Simona Laura LAZAR, Doru PAMFIL, Marin ARDELEAN, Mirela Irina CORDEA

Faculty of Horticulture, University of Agricultural Sciences and Veterinary Medicine Cluj- Napoca, 3-5 Manastur Street, 400372, Cluj, Romania, [email protected]

Abstract. The neglected and underutilized crops are more and more advertised due to the recognition of their nutritional value. Some of these species are used as crop wild relatives in breeding, for the infusion of useful characters in the commercial varieties and others are used as fourth generation vegetables. Different scientific reports on their chemical composition and the benefic effect on the human health to the conclusion that the wild rocket is a desirable vegetable. This is the case of the genus Diplotaxis, with its 31 species showing a wide degree of heterogeneity in the morphology, chromosome number and geographical distribution of these species. The accessions within the genus Diplotaxis are investigated worldwide especially D. tenuifolia and D. muralis, because there is an increasing interest in them due to the fact that they are picked or cultivated for human consumption. The origin of the genus Diplotaxis is considered the and the Middle East but its area of spreading is very wide. It was observed that the only areas that have not entered this very adaptable species are arctic and subarctic areas and East Asia. Although the species are so cosmopolitan, it is important to keep their diversity especially in the original places such as Romania for D. tenuifolia and D. muralis.
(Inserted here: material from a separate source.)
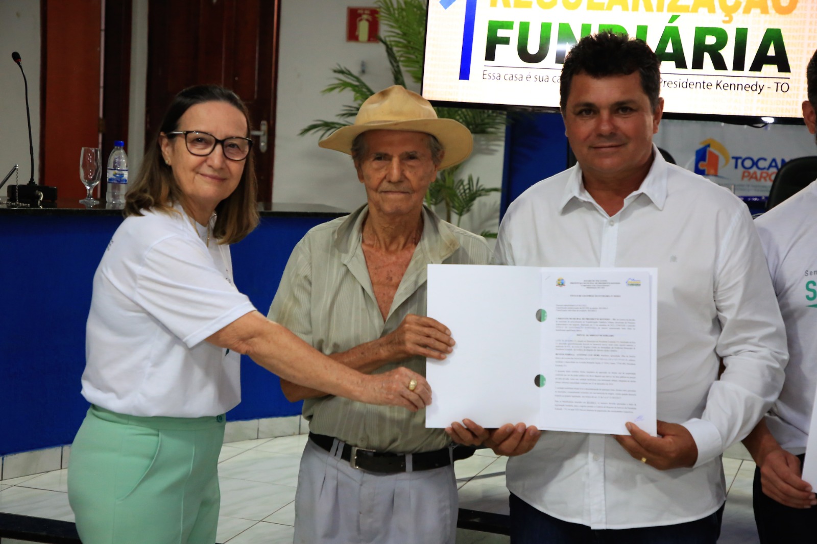 Participaram do evento, realizado na Câmara Municipal, a diretora imobiliária e comercial da Tocantins Parcerias, Zélia Bandeira; o secretário de Administração Olívio Carvalho, presidente da Comissão de Regularização Fundiária da cidade; e demais secretários municipais e vereadores de Presidente Kennedy.
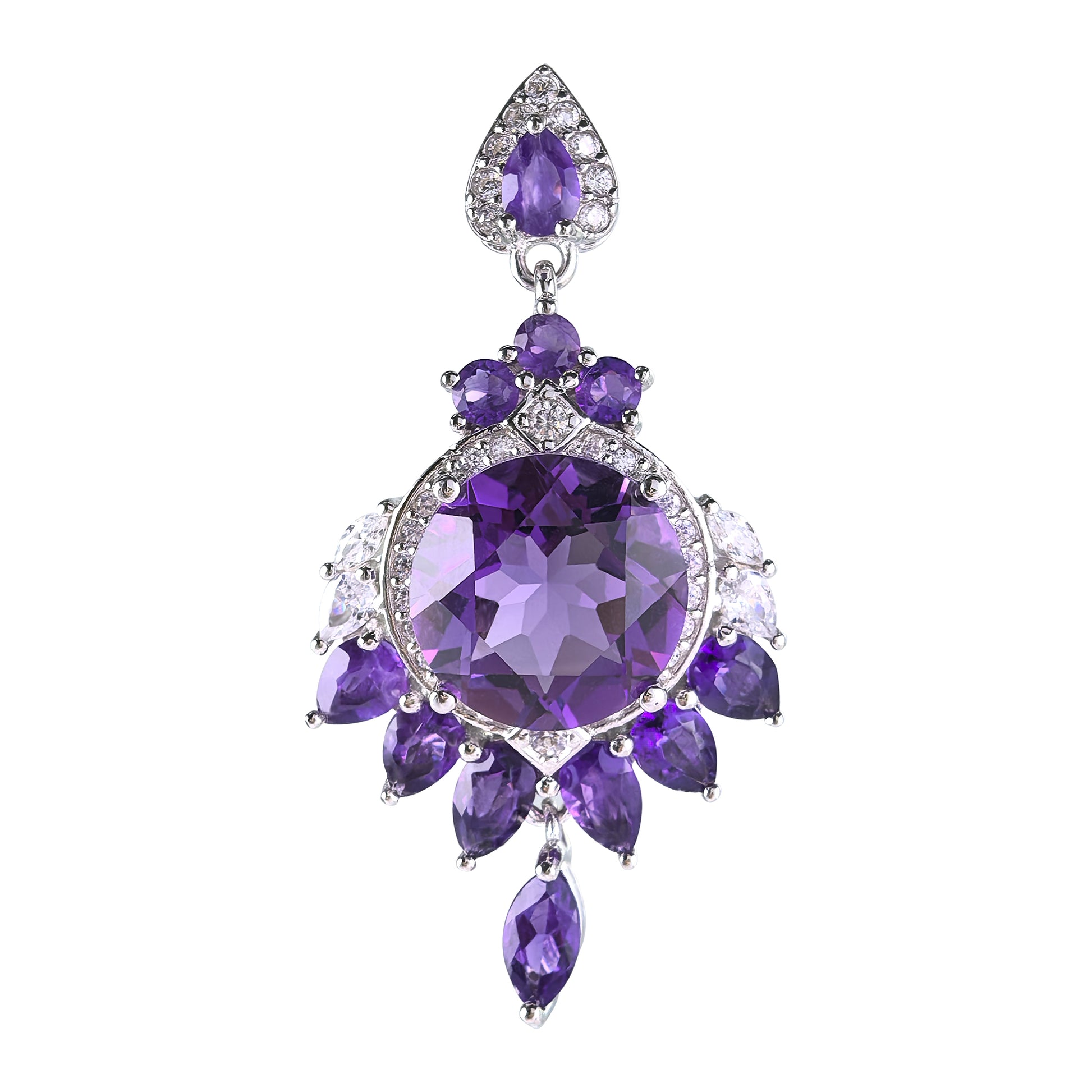 Dazzling Rhodium Plated Natural Amethyst 925 Sterling Silver Pendant

Keywords: Diplotaxis, wild rocket, biodiversity, crop wild relatives

INTRODUCTION

Horticulture is one of the main preoccupations of mankind, a theory endorsed by George (2004), who states that the horticultural species emerged by selection from their wild forms. However, some of the vegetables, especially the ones used at the regional level, remained the same to this day, with a minimal human intervention. Such are harvested straight from the spontaneous flora, sometimes endangering their very existence. Promoting better use of plant genetic resources is one of great activities in FAO and EU policy. As proof of the above mentioned one can remember IPGRI initiative to create UMS program in 1994 and other initiatives for the neglected species, insufficiently used in spite of their value as food. The ultimate goal of all these efforts is the creation of a sustainable agriculture through conservation of these species, by promoting their use and a variety of healthy food for the population (www.bioversityinternational.org). Wild arugula and other minor species which IPGRI are taking in account, is a key crop, selected to increase awareness of the high potential of the agro biodiversity of the world, and to show on how little of this wealth is, in fact, based our farming systems. It is estimated that out of 7000 edible species worldwide, only a small fraction, about 150, are in fact grown and marketed. Greater attention accorded to these neglected species, Cinderellas of agriculture, is an important step both for farming and agriculture to diversify the diet, which ultimately contributes to improving the quality of life (Padulosi, 1997).

64 UTILIZATION

The wild rocket, used widely in Europe and in many other parts of the world, is considered a specialty food or delicacy. Although the Romans and medieval physicians stated only observations on their health beneficial effects on humans, in the modern days well- documented studies complement, deepen and recommend for consumption the species of the genus Diplotaxis. The genus Diplotaxis is an important and well known member of the family, which is widespread in the world; this genus is comparising 32 species (Warwick and Hall., 2009), some of which are considered weeds while others are important as food, herbal medicines, animal feed and a source of cytoplasm male sterility genes in Brassicaceae crops. In figure 1, the use of Diplotaxis sp. is indicated. In Europe is used mainly as condiment and food (Facciola, 1990, Bianco 1995, Silva Dias (1997), Baldrati, 1950 cited by Bianco et al. (1997), Bianco et Boari, 1997). In Africa species of the genus Diplotaxis are used as medicine and food (Mohamedien (1995) cited by Padulosi (1997), Yaniv, 1997), but also as fodder for the cattle (Hedge Et Al., 1980 Negre, (1961); Baulas, (1977), Martinez-Laborde, (1987) cited by Martinez-Laborde (1997). Wild rocket reached the two Americas with the european immigrants (Pignone, 1997). In India and Pakistan, the seeds of rocket (cultivated-Eruca sativa and wild-Diplotaxis sp.) are used to obtain a jamba oil with multiple utilization (Bandhari and Chandell, 1997). In Australia, Parsons et al. (2004) mention and D. muralis as invader weeds.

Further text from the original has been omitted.